> TASK DETAILS:
Please write out exactly the lines of the data below from the line holding "[32GB Dual Channel" through the line holding "Keywords: völklingen saarland", and leave out the rest.

> RECORDS SHOWN:
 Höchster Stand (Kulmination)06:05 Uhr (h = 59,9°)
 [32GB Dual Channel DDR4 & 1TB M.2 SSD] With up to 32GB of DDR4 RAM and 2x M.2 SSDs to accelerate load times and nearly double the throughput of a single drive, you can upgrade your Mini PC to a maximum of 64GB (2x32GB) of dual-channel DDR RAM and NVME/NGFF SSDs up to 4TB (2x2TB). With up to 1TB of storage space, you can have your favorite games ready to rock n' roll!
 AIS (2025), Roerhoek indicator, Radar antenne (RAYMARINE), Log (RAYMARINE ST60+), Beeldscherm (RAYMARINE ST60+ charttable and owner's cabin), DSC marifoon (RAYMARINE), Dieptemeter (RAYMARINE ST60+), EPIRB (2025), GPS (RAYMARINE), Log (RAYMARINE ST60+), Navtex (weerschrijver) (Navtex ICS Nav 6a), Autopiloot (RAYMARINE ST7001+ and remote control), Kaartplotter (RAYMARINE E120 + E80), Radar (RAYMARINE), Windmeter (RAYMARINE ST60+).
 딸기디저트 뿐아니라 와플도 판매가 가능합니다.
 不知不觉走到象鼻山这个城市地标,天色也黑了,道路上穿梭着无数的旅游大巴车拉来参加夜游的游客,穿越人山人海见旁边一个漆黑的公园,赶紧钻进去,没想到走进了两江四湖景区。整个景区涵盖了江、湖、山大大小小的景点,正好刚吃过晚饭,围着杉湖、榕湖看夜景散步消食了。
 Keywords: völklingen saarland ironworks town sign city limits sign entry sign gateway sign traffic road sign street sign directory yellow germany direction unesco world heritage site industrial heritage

---

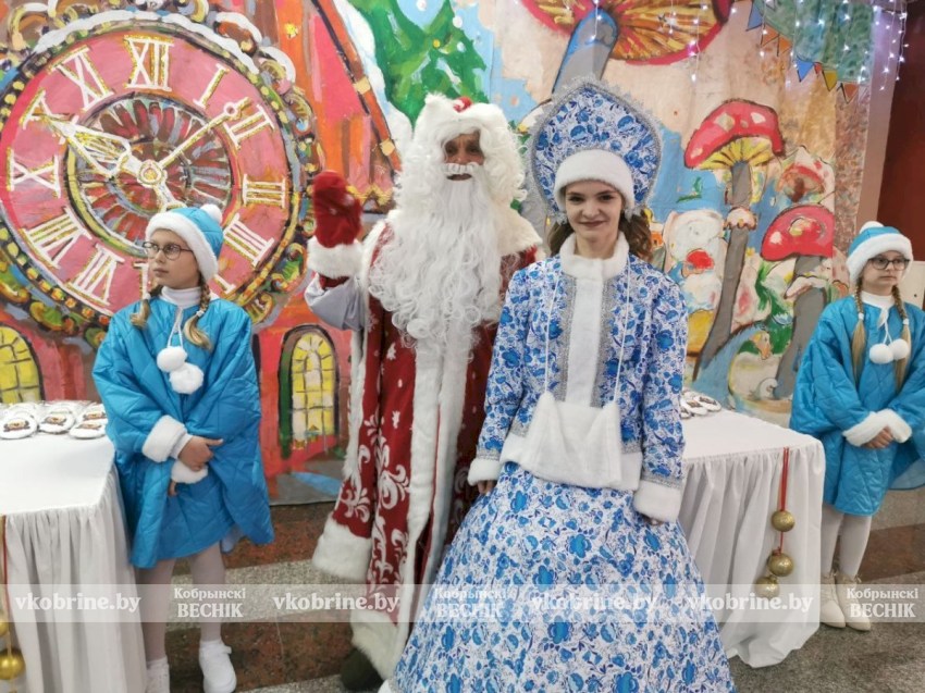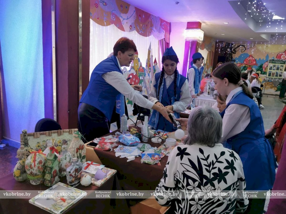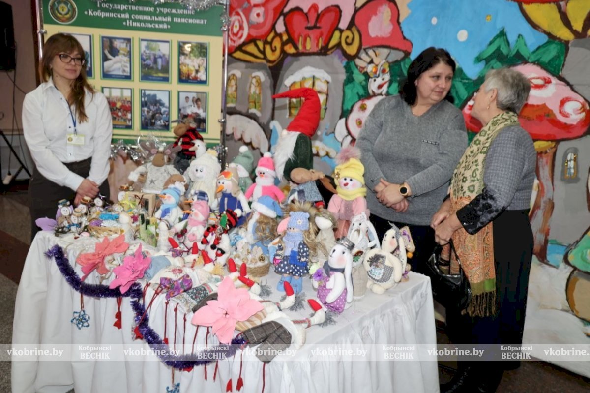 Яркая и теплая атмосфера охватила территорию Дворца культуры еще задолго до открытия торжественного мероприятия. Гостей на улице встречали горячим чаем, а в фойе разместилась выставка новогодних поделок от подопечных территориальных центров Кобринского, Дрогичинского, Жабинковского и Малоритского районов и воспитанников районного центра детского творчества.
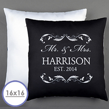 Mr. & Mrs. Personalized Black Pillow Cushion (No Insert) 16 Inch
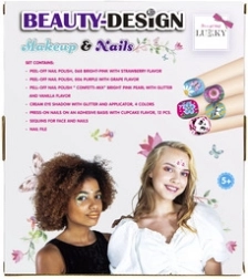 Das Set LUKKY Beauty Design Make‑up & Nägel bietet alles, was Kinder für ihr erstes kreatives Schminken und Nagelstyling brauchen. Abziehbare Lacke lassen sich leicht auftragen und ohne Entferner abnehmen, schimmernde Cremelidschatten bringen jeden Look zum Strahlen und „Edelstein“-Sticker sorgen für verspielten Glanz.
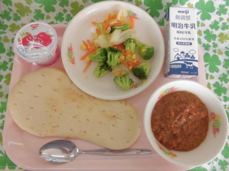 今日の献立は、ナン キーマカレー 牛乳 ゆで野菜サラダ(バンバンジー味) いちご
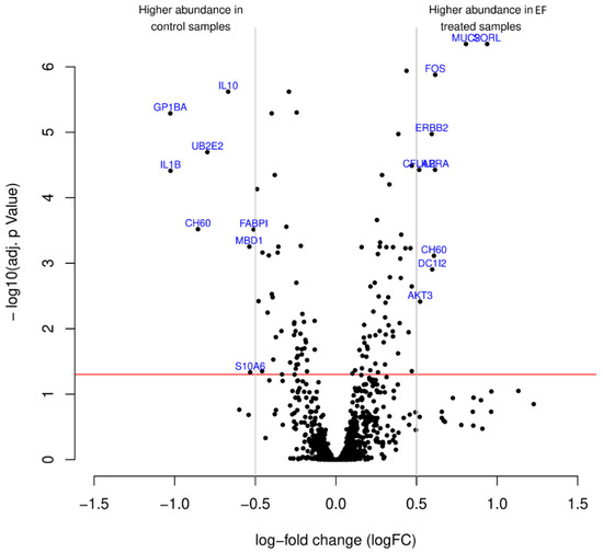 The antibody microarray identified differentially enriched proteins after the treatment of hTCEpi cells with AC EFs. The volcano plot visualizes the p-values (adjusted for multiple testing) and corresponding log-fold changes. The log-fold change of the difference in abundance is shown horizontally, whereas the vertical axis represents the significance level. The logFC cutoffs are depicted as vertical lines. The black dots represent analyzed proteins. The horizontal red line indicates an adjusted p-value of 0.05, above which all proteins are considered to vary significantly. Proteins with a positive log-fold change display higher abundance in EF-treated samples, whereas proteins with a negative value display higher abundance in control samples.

==

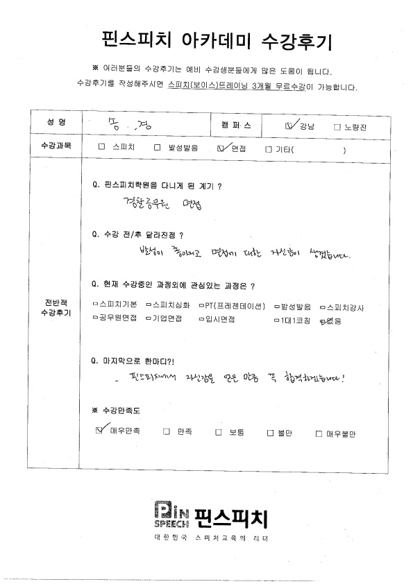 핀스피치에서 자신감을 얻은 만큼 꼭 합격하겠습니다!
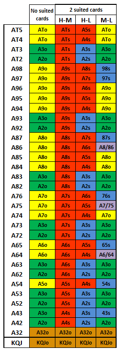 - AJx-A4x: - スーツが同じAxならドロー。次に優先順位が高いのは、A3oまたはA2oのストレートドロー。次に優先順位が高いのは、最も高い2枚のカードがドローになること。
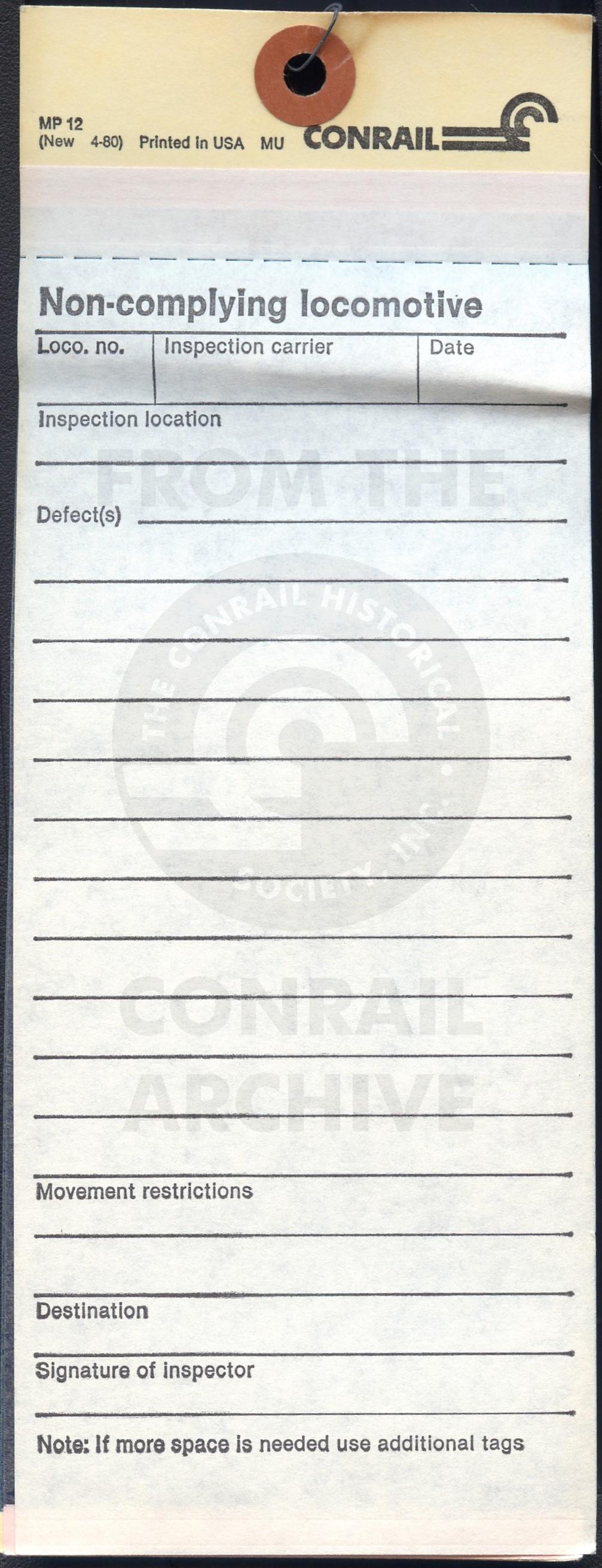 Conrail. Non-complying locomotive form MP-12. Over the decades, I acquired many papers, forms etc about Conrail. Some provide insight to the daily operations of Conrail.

> SOLUTION FOR THIS TASK:
 [32GB Dual Channel DDR4 & 1TB M.2 SSD] With up to 32GB of DDR4 RAM and 2x M.2 SSDs to accelerate load times and nearly double the throughput of a single drive, you can upgrade your Mini PC to a maximum of 64GB (2x32GB) of dual-channel DDR RAM and NVME/NGFF SSDs up to 4TB (2x2TB). With up to 1TB of storage space, you can have your favorite games ready to rock n' roll!
 AIS (2025), Roerhoek indicator, Radar antenne (RAYMARINE), Log (RAYMARINE ST60+), Beeldscherm (RAYMARINE ST60+ charttable and owner's cabin), DSC marifoon (RAYMARINE), Dieptemeter (RAYMARINE ST60+), EPIRB (2025), GPS (RAYMARINE), Log (RAYMARINE ST60+), Navtex (weerschrijver) (Navtex ICS Nav 6a), Autopiloot (RAYMARINE ST7001+ and remote control), Kaartplotter (RAYMARINE E120 + E80), Radar (RAYMARINE), Windmeter (RAYMARINE ST60+).
 딸기디저트 뿐아니라 와플도 판매가 가능합니다.
 不知不觉走到象鼻山这个城市地标,天色也黑了,道路上穿梭着无数的旅游大巴车拉来参加夜游的游客,穿越人山人海见旁边一个漆黑的公园,赶紧钻进去,没想到走进了两江四湖景区。整个景区涵盖了江、湖、山大大小小的景点,正好刚吃过晚饭,围着杉湖、榕湖看夜景散步消食了。
 Keywords: völklingen saarland ironworks town sign city limits sign entry sign gateway sign traffic road sign street sign directory yellow germany direction unesco world heritage site industrial heritage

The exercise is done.